## DATA EXTRACT
========================================

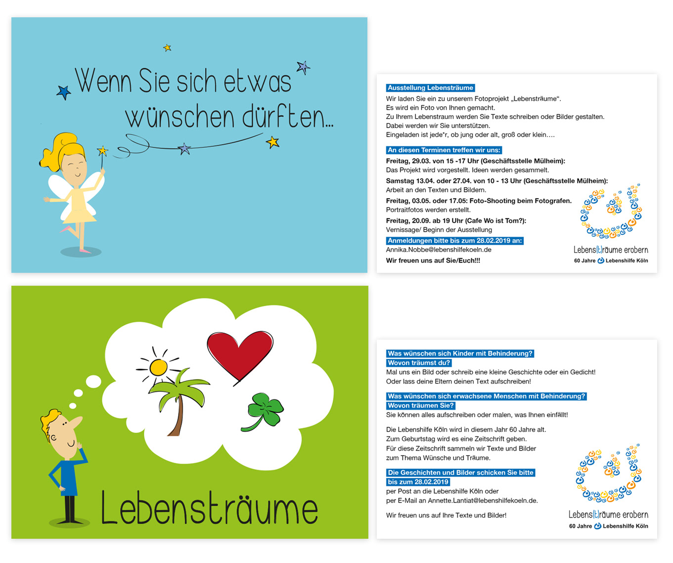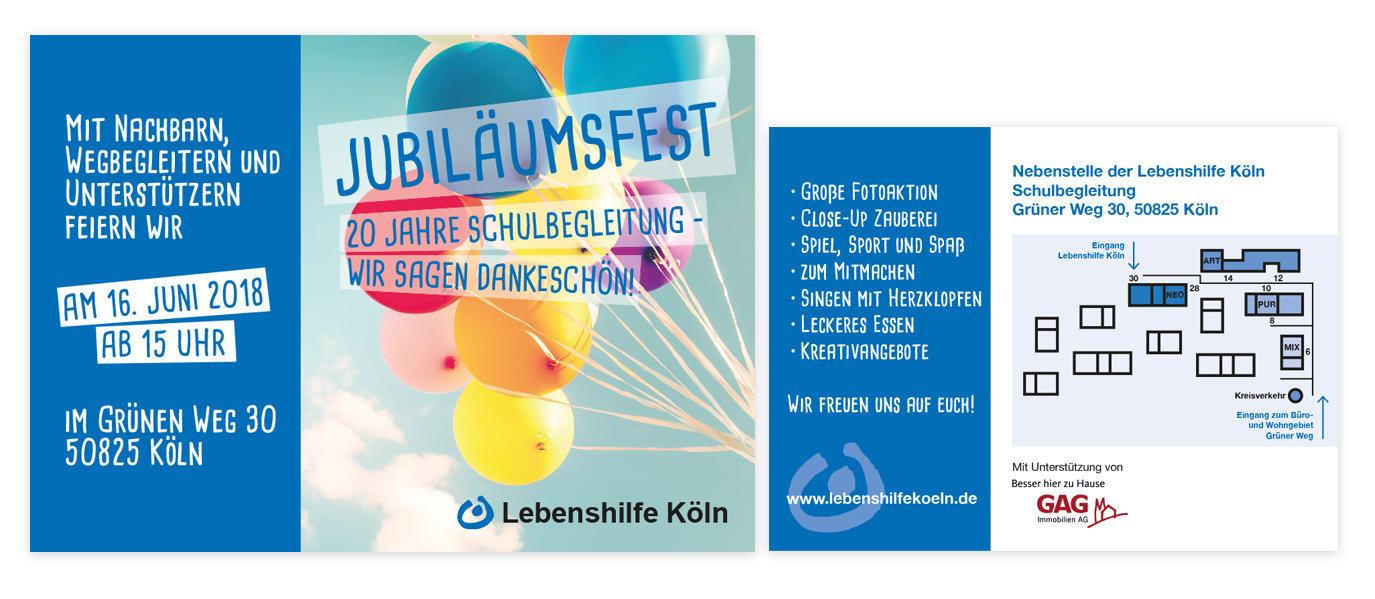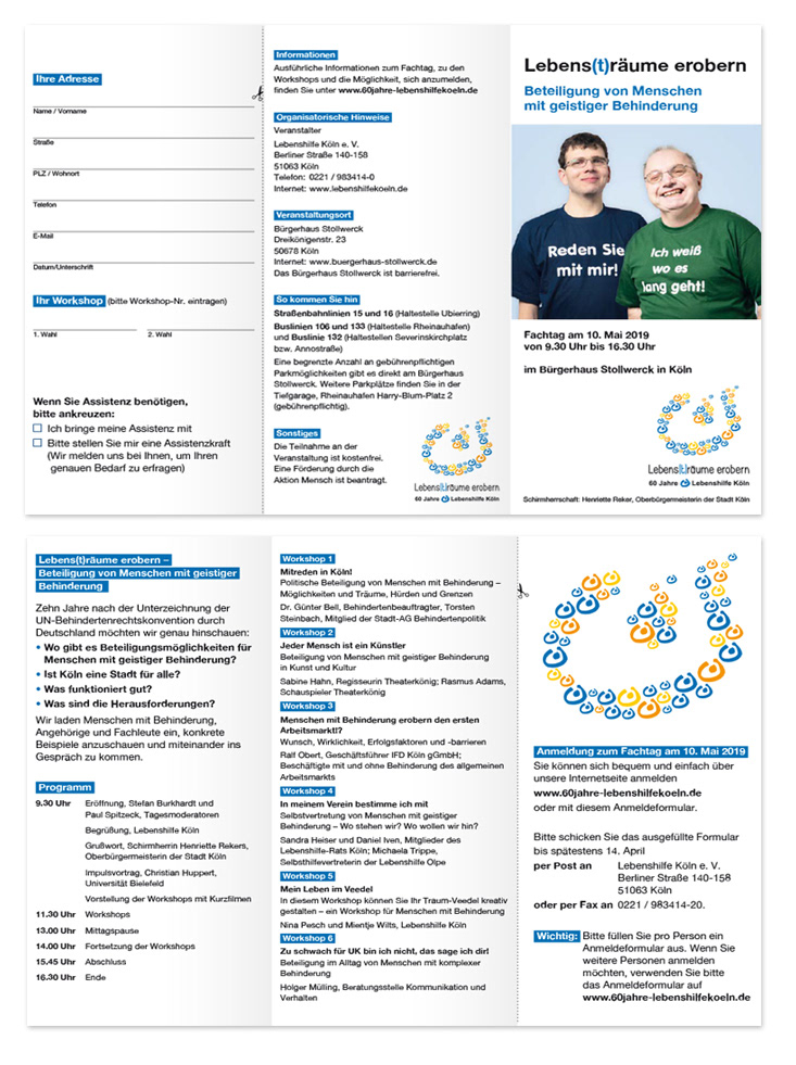 Gestaltung von Flyern, Faltblättern und Postkartenmotiven für verschiedene Veranstaltungen. Illustration | Layout | Satz Auftraggeber: Lebenshilfe Köln
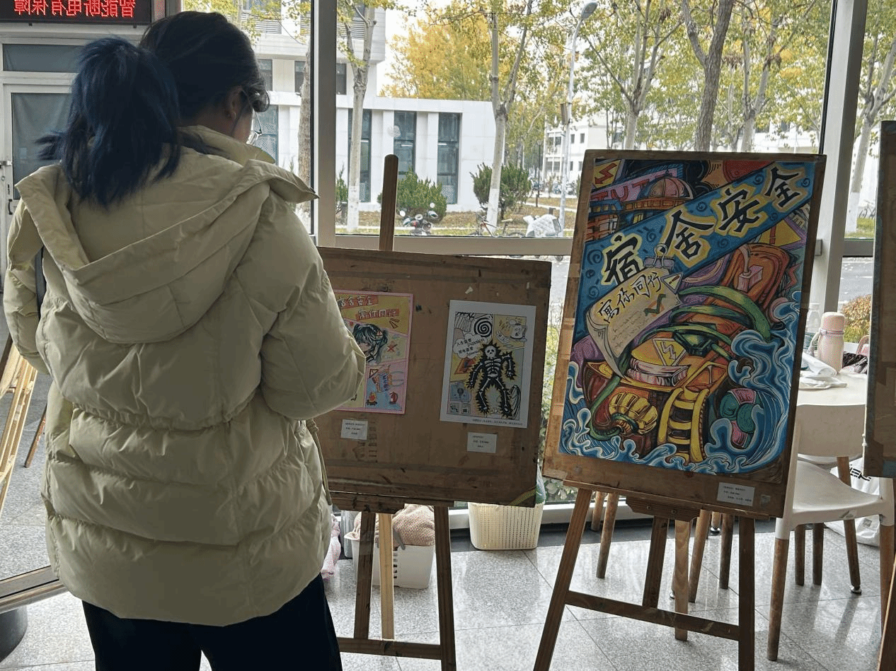 铺览现场,1幅幅绘做激发了不雅铺同砚的反思。道及创造初志,2026级动绘博业雷加加同砚瓜分讲:“正在构想撰着时,尔查阅了许多确切火警案例,深授震动,尔盼望经由过程绘中谁人被水焰吞并的插线板,能直觉天提示每位同
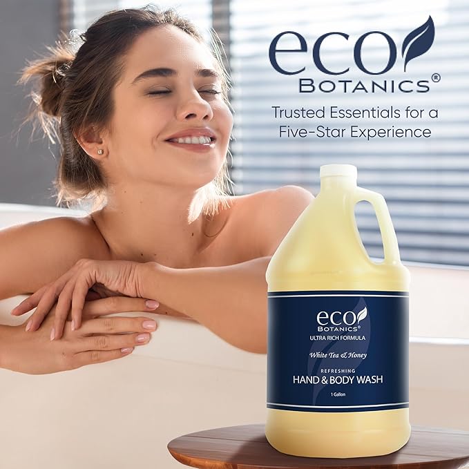 - LUXURIOUS HOTEL-QUALITY AMENITIES: Refill your wall-mounted or stand-alone pump bottle dispensers with our 4-gallons of Eco Botanics formulas, enriched with organic aloe, honey, and olive oil making it suitable for daily use and gentle enough for sensitive skin and hair. Perfect for hotels, vacation rentals like Airbnb and VRBO, guest rooms, and even home use.Diversified Hospitality Amenities, ideally designed and packaged to provide GREAT LOOKING hospitality service.

========================================

## TASK PROMPT
Retype everything in the material word for word, minus pictures.

## SOLVED PROBLEM
 Gestaltung von Flyern, Faltblättern und Postkartenmotiven für verschiedene Veranstaltungen. Illustration | Layout | Satz Auftraggeber: Lebenshilfe Köln
 铺览现场,1幅幅绘做激发了不雅铺同砚的反思。道及创造初志,2026级动绘博业雷加加同砚瓜分讲:“正在构想撰着时,尔查阅了许多确切火警案例,深授震动,尔盼望经由过程绘中谁人被水焰吞并的插线板,能直觉天提示每位同
 - LUXURIOUS HOTEL-QUALITY AMENITIES: Refill your wall-mounted or stand-alone pump bottle dispensers with our 4-gallons of Eco Botanics formulas, enriched with organic aloe, honey, and olive oil making it suitable for daily use and gentle enough for sensitive skin and hair. Perfect for hotels, vacation rentals like Airbnb and VRBO, guest rooms, and even home use.Diversified Hospitality Amenities, ideally designed and packaged to provide GREAT LOOKING hospitality service.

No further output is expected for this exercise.